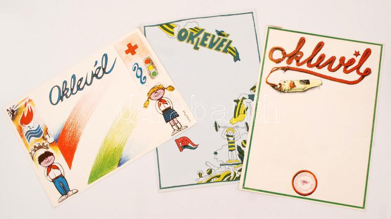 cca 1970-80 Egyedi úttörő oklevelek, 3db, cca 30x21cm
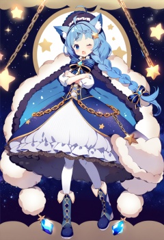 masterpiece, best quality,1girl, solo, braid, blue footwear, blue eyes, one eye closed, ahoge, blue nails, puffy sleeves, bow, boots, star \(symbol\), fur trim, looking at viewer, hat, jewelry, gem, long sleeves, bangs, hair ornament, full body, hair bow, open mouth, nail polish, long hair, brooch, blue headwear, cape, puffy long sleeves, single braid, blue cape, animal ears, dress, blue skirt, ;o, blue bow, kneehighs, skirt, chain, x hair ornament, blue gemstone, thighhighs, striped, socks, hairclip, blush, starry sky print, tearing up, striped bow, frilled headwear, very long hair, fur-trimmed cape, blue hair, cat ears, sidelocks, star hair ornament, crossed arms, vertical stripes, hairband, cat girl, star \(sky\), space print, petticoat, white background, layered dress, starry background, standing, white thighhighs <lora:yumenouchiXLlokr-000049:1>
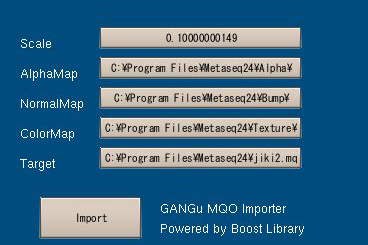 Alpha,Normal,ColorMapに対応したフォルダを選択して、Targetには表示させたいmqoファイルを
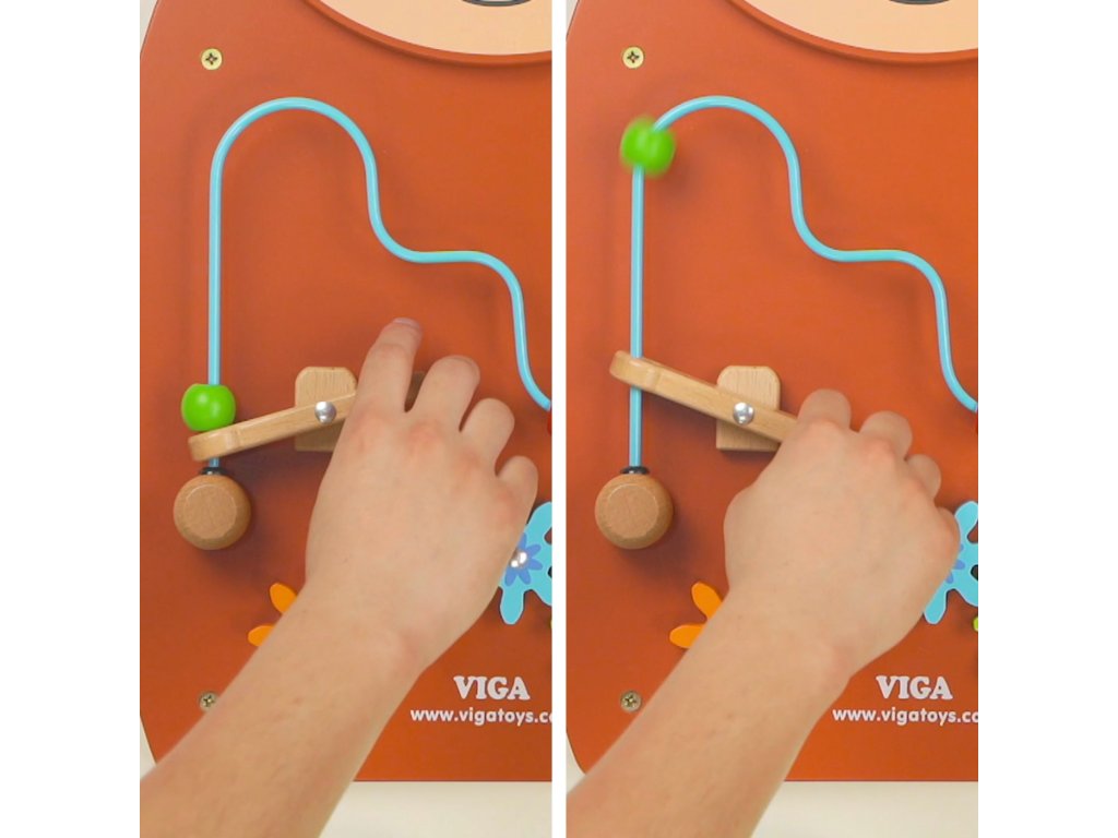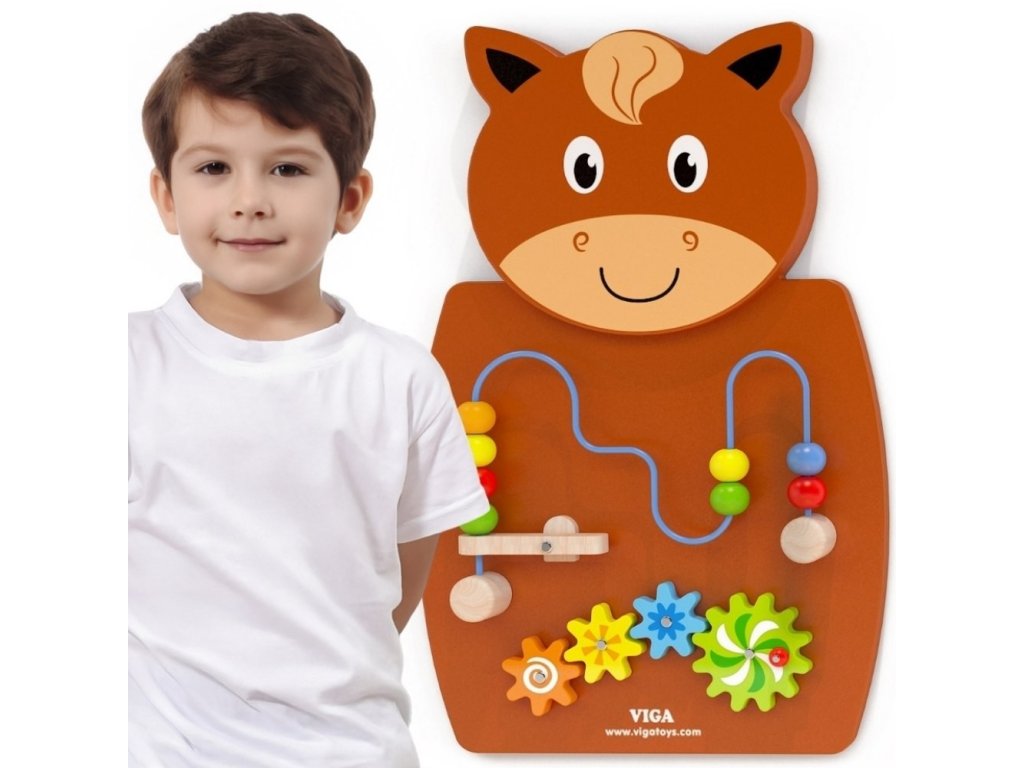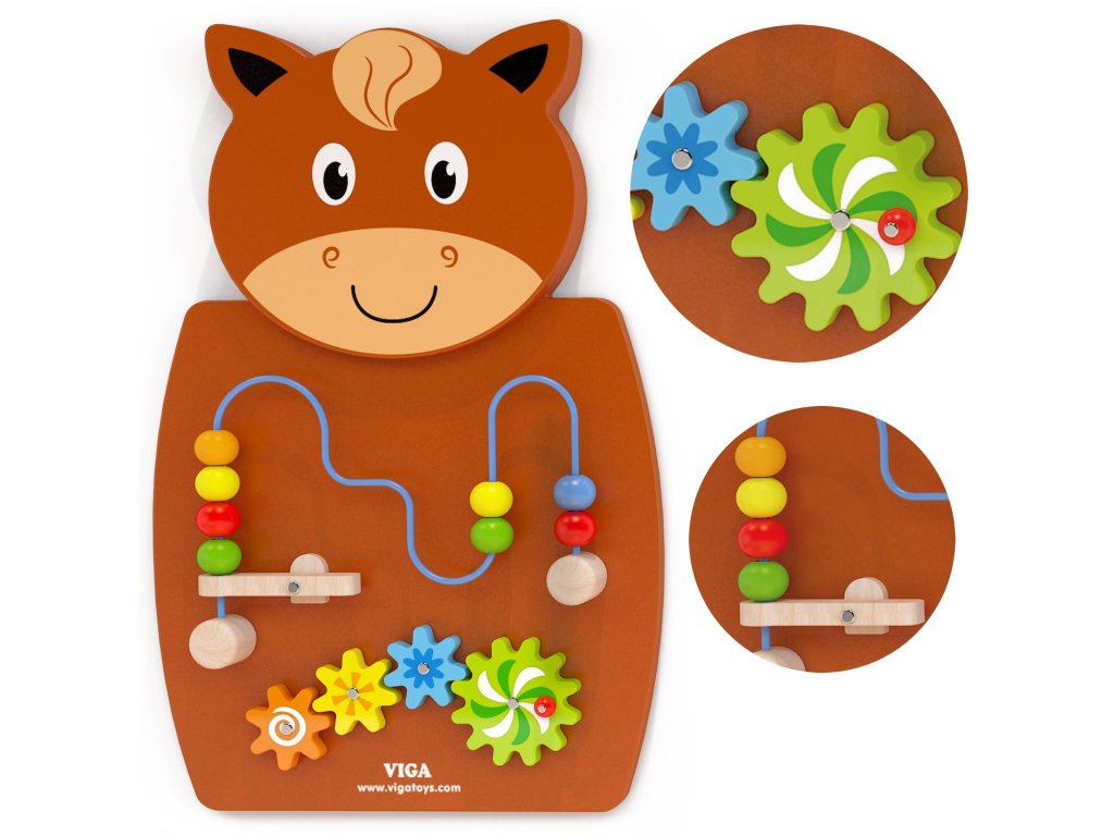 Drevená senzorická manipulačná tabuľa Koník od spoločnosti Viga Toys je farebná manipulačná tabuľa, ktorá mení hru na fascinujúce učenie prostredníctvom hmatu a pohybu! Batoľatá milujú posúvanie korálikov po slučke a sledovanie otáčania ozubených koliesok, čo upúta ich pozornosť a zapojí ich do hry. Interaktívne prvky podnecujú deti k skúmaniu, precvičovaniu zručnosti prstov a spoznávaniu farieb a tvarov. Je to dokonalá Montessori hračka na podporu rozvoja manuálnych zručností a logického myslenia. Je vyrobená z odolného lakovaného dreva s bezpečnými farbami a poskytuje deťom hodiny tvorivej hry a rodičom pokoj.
•••••
## WORK TASK
The whole listing above should be restated word for word, minus any images.

## TASK OUTPUT
 cca 1970-80 Egyedi úttörő oklevelek, 3db, cca 30x21cm
 masterpiece, best quality,1girl, solo, braid, blue footwear, blue eyes, one eye closed, ahoge, blue nails, puffy sleeves, bow, boots, star \(symbol\), fur trim, looking at viewer, hat, jewelry, gem, long sleeves, bangs, hair ornament, full body, hair bow, open mouth, nail polish, long hair, brooch, blue headwear, cape, puffy long sleeves, single braid, blue cape, animal ears, dress, blue skirt, ;o, blue bow, kneehighs, skirt, chain, x hair ornament, blue gemstone, thighhighs, striped, socks, hairclip, blush, starry sky print, tearing up, striped bow, frilled headwear, very long hair, fur-trimmed cape, blue hair, cat ears, sidelocks, star hair ornament, crossed arms, vertical stripes, hairband, cat girl, star \(sky\), space print, petticoat, white background, layered dress, starry background, standing, white thighhighs <lora:yumenouchiXLlokr-000049:1>
 Alpha,Normal,ColorMapに対応したフォルダを選択して、Targetには表示させたいmqoファイルを
 Drevená senzorická manipulačná tabuľa Koník od spoločnosti Viga Toys je farebná manipulačná tabuľa, ktorá mení hru na fascinujúce učenie prostredníctvom hmatu a pohybu! Batoľatá milujú posúvanie korálikov po slučke a sledovanie otáčania ozubených koliesok, čo upúta ich pozornosť a zapojí ich do hry. Interaktívne prvky podnecujú deti k skúmaniu, precvičovaniu zručnosti prstov a spoznávaniu farieb a tvarov. Je to dokonalá Montessori hračka na podporu rozvoja manuálnych zručností a logického myslenia. Je vyrobená z odolného lakovaného dreva s bezpečnými farbami a poskytuje deťom hodiny tvorivej hry a rodičom pokoj.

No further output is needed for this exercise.